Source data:
= = =

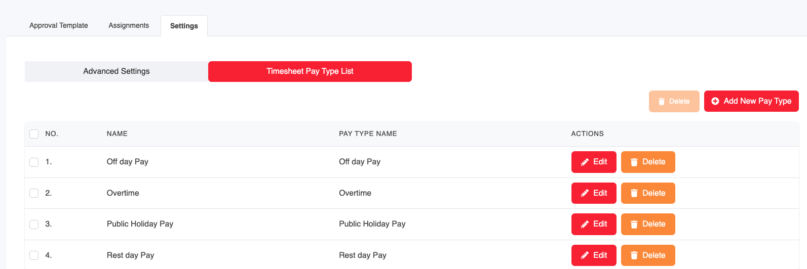 Here, you’ll see a list of default timesheet pay types such as overtime, and Off day Pay.
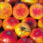 Store tomater som stammer fra bjergene i West Virginia, USA. Lys orange frugt med røde og pink striber - super dekorative, meget milde og velsmagende. Minimum 10 frø
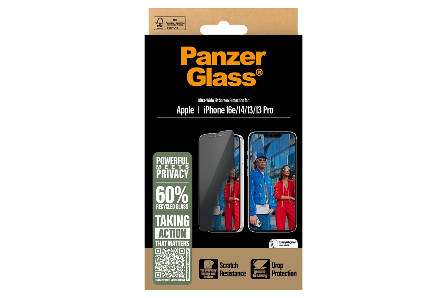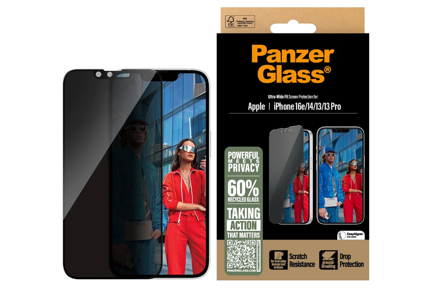 Powerful meets privacy! With this PanzerGlass privacy screen protector made of 60% recycled glass, your personal info is safe from the prying eyes of people sitting next to you on the train, in the coffee shop, or at the office. The specially designed privacy filter renders the content of your screen virtually invisible to everyone except you. It even has a smudge-free coating that reduces traces of fingerprints and grease to give you a clear – but still private – view of your screen.
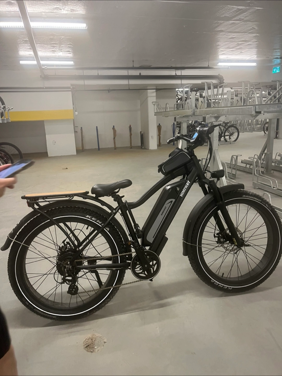 A striking black electric bike, with a comfortable seat. Features large tires and fenders. The rear has a wooden rack. An electric bike is the perfect mode of transportation to clear your mind on a peaceful ride.
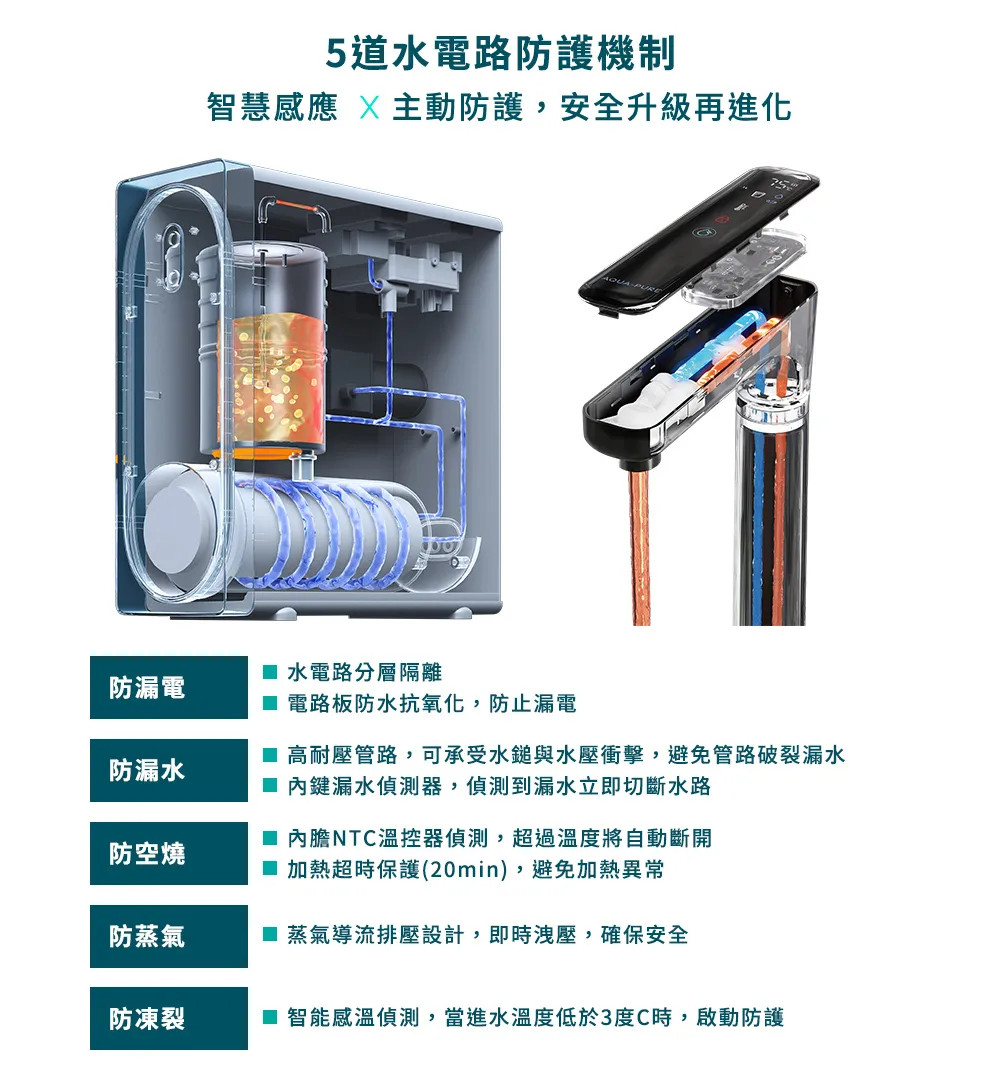 五道安全防護機制 防漏電、防漏水、防空燒、防蒸氣、防凍裂。
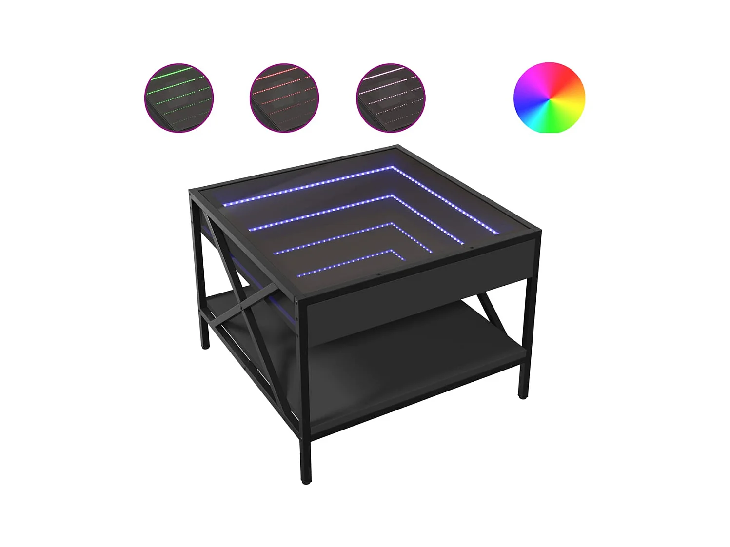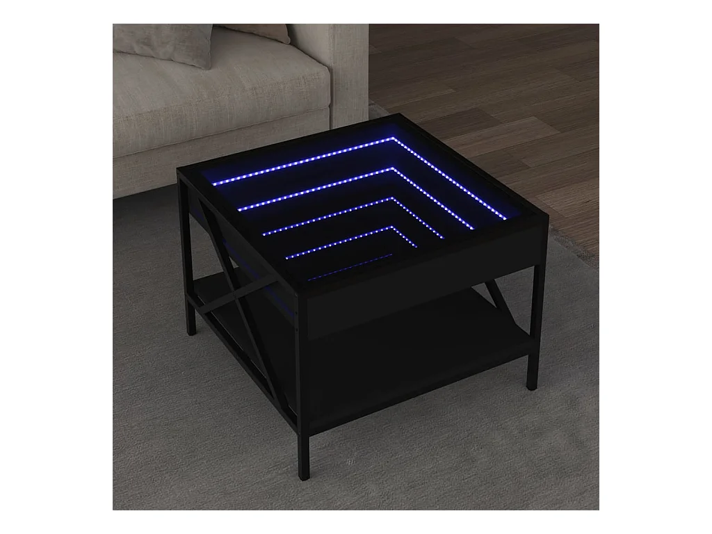 Table basse avec LED noir 50x50x45 cm bois d'ingénierie

= = =

§ **Activity**
The lines from the one that contains "五道安全防護機制 防漏電、防漏水、防空燒、防蒸氣、防凍裂。" through the end of the data, repeated exactly and with no pictures, make up the whole answer.

§ **Answer to the problem**
 五道安全防護機制 防漏電、防漏水、防空燒、防蒸氣、防凍裂。
 Table basse avec LED noir 50x50x45 cm bois d'ingénierie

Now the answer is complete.